Yes camp might fare better if electorate consisted solely of academics

Voting experts reject first-past-the-post

Voting experts reject first-past-the-post

By politics.co.uk staff

First-past-the-post has been unanimously rejected by a group of respected academics.

Two weeks before the referendum on voting – where polls show the British public are likely to keep the first-past-the-post system – the alternative vote has come out on top among experts.

In a workshop organised by Voting Power & Procedures (VPP) at the London School of Economics, 22 voting specialists were asked to select “the best voting procedure” to elect one out of three or more candidates from a list of 18 options.

Each expert could back as many voting procedures as they approved of in the workshop.

The alternative vote came in second with ten votes, while first-past-the-post failed to secure any backers.

Approval voting, where voters can mark an ‘x’ by as many candidates as they want to, came out on top with 15 votes.

VPP deliberately chose the workshop topic to draw parallels with the single member district system used in House of Commons elections since 1950, ahead of the referendum on the alternative vote.
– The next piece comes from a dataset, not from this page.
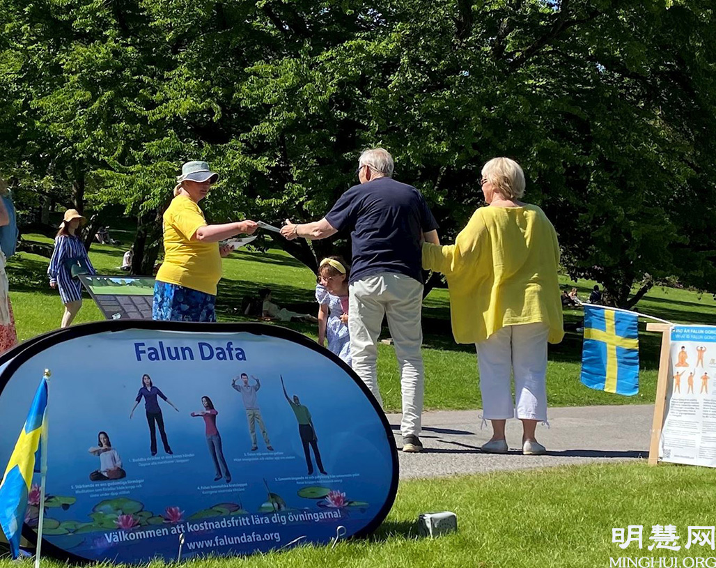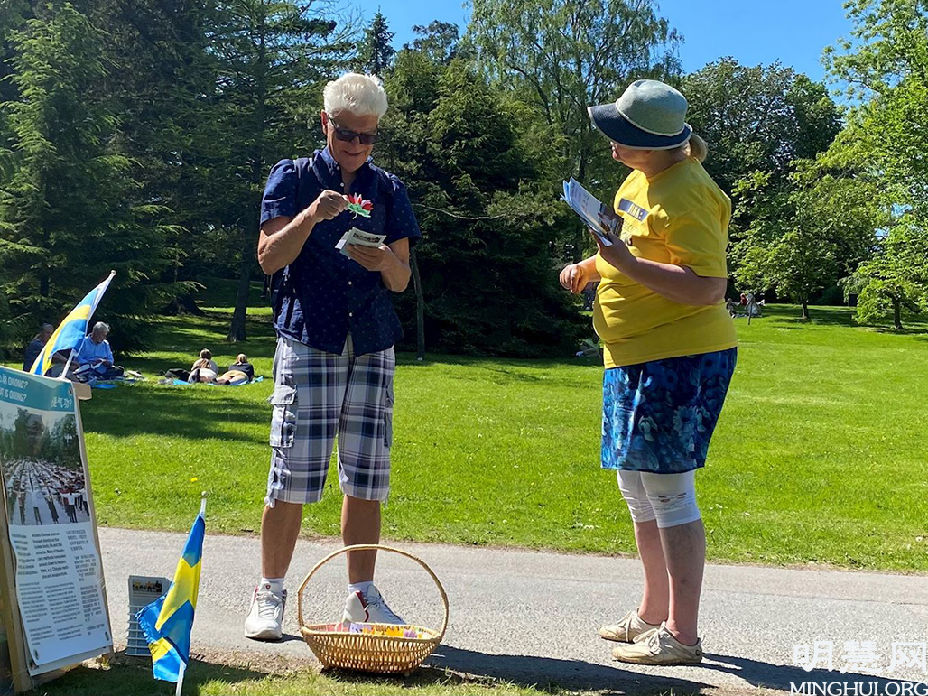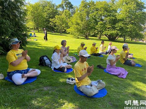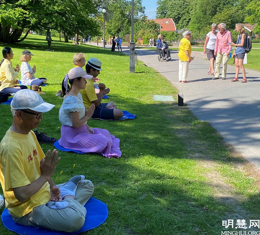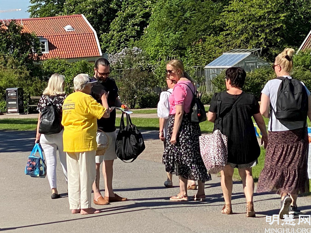 二零二一年六月六日,风和日丽,在哥德堡的植物公园散步和野餐的人们被法轮功学员的炼功场面所吸引。

VPP co-directors Rudolf Fara, Dennis Leech and Moshe Machover, who voted in the poll, said that first-past-the-post – also known as plurality voting – was rejected unanimously most likely because it was the worst of any known system to elect fairly a single winner from three or more candidates.

“The most serious problem is that first-past-the-post often elects the candidate least preferred by an absolute majority of voters,” they said.